The United States has taken a sectoral approach to privacy, enacting laws that apply to specific industries and practices. Examples are:

• the Fair Credit Reporting Act of 1970
• the Privacy Act of 1974
• the Cable Communications Policy Act of 1984
• the Electronic Communications Privacy Act of 1986,
• the Video Privacy Protection Act of 1988
• the Telephone Consumer Protection Act of 1991
• the Drivers Privacy Protection Act of 1994
• and more recently, the Children's Online Privacy Protection Act of 1998.

This patchwork approach is in contrast to the European nations, Canada, Australia, New Zealand, and Hong Kong. These countries have enacted omnibus data protection laws covering the full spectrum of uses of personally identifiable information. In some countries, these laws encompass both the private and public sectors. Others at this summit will discuss the European Union's Privacy Directive and the protracted struggle between the EU and the U.S. regarding the adequacy of our privacy protection laws for the purpose of transmitting their citizens' data to the U.S.

From my perspective as a consumer advocate, the sectoral approach has left large gaps where there is little to no protection for individuals.

• There is little regulation of the direct marketing industry's use of personal information, for example, with the limited exception of the telemarketing bill, the Telephone Consumer Protection Act.
• We have no federal law protecting the confidentiality of medical records, although the Department of Health and Human Services has been mandated by a federal law to develop regulations for electronic records. These are currently under review and are quite controversial.
• The Cable Act of 1984 includes a fairly good privacy protection section. But the question now is whether it covers data collection by cable companies that offer cable modems and Internet Service Provider services.
• The Fair Credit Reporting Act of 1970 comes the closest to a robust privacy protection law. It enables individuals to have access to their own data profile. They have a right to learn who has accessed their files.
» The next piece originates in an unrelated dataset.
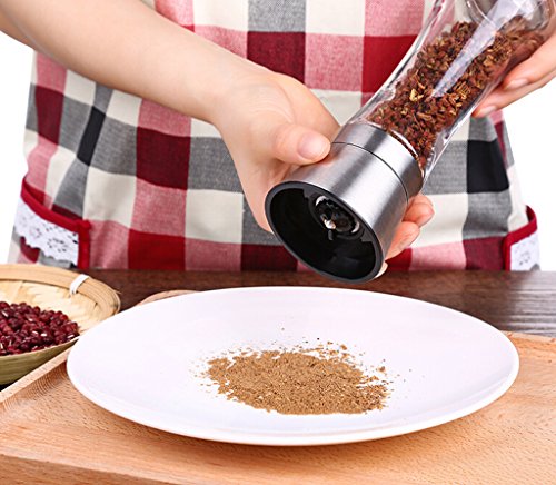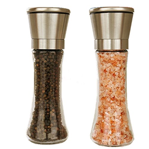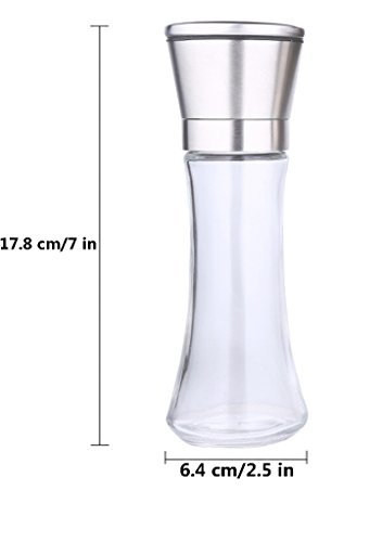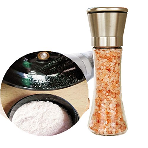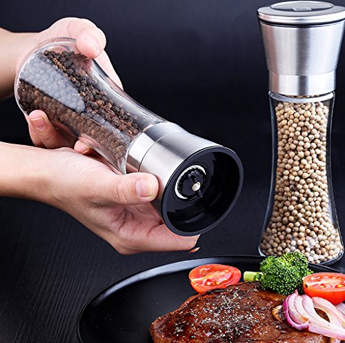 2: Stainless steel and glass salt and pepper grinder set - To adjust the roughness, just turn the black knob on the salt or pepper mill, keep the head and glass body, and then enjoy the fresh ground salt, pepper or other spices.

And there are restrictions on who can obtain credit reports. Yet this law, too, is limited.
• A more recent example of a robust privacy law is the Children's Online Protection Act of 1998.
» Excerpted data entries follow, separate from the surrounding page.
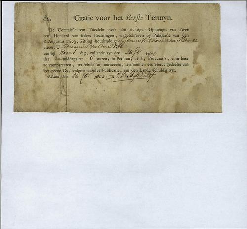 Citatie, vermogensbelasting, 1803
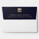 Elevate your correspondence with our Elegant Monogram Business Envelope. The white envelope is designed with a sophisticated touch, featuring a blue leather print back flap that adds a touch of elegance. The brushed gold monogram initial logo takes centre stage on the back flap, accompanied by your company name and essential details below in golden classic typography. This unique design combines professionalism and style, making it perfect for estate planners, attorneys, and advisors. Whether sending documents or invitations, this envelope sets the tone for your brand image and leaves a lasting impression. Present yourself with confidence and distinction using this refined envelope for your business communications.
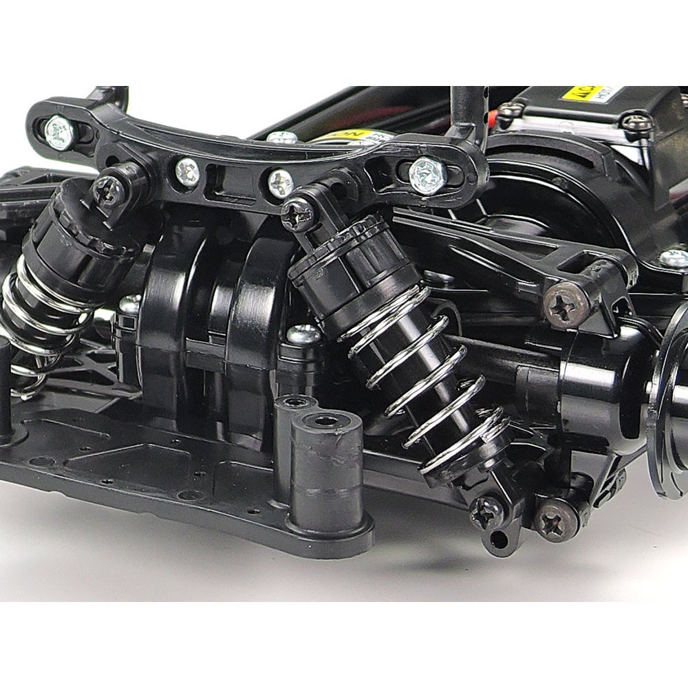 The shaft-driven 4WD TT-02 chassis employs a longitudinal layout with the battery on the left and the motor on the right, to give excellent stability. In addition, it features identical left and right suspension arms and uprights for ease of assembly, plus easy-to-maintain gearboxes. It is a highly adaptable chassis, as it offers 2 different wheelbases, 2 ground clearance settings and 2 tread set-ups in addition to a range of 10 possible gear ratios. It is not short on looks either, with brake disc-shaped wheel hubs and stylish front bumper supports. Gun metal color 12-spoke wheels use treaded semi-pneumatic tires.
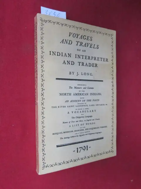 Describing the manners and customs of the North American Indians; With an account of the posts situated on the river Saint Laurence, Lake Ontario; & c. to which is added, A vocabulary of the Chippeway Language. Names of furs and skins, in English and French. A list of words in the Iroqois, Mohegan, Shawanee, and Esquimeaux tongues, and a table, shewing the analogy between the Algonkin and Chippeway Languages. Originally published in 1791 in London, England by J. Long. ZUSTAND: Gutes Exemplar, papierbedingt ger. gebräunt. / Cover browned, good condition.

What are the impacts on consumers of this sectoral, or patchwork, approach spanning the past 30 years?

• One is consumer confusion. It's a complicated picture. The Privacy Rights Clearinghouse has published 22 guides and a 300-page book telling consumers where they do and do not have protection. Yet we've nowhere near covered the waterfront. I'll revisit the theme of confusion later.
• Another result of the sectoral approach is the absence of cues in the marketplace - little to no disclosure of what is done with personal information and what consumers can do to exert some control. Remember, I am talking about the offline world here. To borrow a term from the European Union, there is little to no transparency of information practices.
• A further result of the patchwork approach to U.S. privacy protection is that industry has now experienced a long history of having virtually free rein over the use of consumer data. The ability to capture and use information from individuals without getting their permission has become the norm.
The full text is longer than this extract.